**What the task requires:** From the data below, copy exactly the lines that lie between the one holding "AQUA SILK CHANDERI" and the one holding "[경기뉴스원/경기뉴스1] | 장기요양등급이", including both, and nothing more.

**Material for this exercise:**
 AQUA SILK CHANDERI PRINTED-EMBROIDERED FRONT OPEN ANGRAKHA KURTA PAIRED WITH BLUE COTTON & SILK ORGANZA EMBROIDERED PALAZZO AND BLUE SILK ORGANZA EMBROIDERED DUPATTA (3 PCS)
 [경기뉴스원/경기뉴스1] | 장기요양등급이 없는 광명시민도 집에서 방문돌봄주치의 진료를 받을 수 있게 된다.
* * *
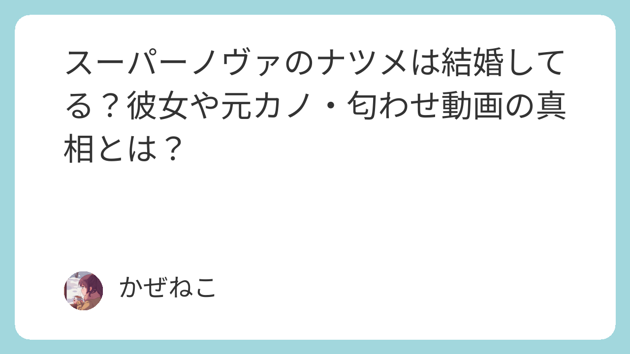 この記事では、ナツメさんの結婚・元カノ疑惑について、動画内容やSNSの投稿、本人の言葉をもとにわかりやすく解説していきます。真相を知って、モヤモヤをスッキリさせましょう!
==
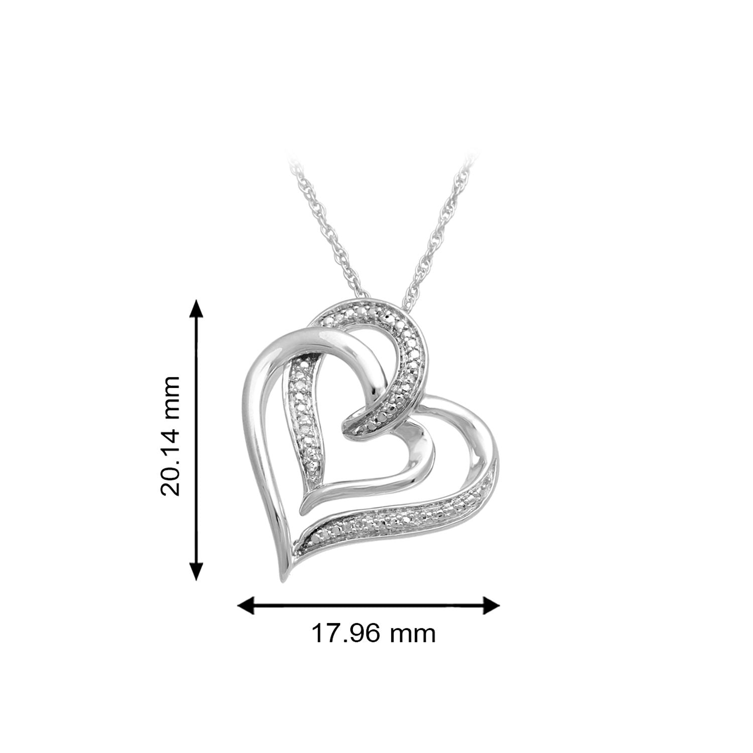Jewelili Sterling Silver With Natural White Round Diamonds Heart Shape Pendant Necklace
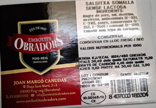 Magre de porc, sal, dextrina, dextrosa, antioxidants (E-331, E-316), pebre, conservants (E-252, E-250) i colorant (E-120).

**Exercise answer:**
 AQUA SILK CHANDERI PRINTED-EMBROIDERED FRONT OPEN ANGRAKHA KURTA PAIRED WITH BLUE COTTON & SILK ORGANZA EMBROIDERED PALAZZO AND BLUE SILK ORGANZA EMBROIDERED DUPATTA (3 PCS)
 [경기뉴스원/경기뉴스1] | 장기요양등급이 없는 광명시민도 집에서 방문돌봄주치의 진료를 받을 수 있게 된다.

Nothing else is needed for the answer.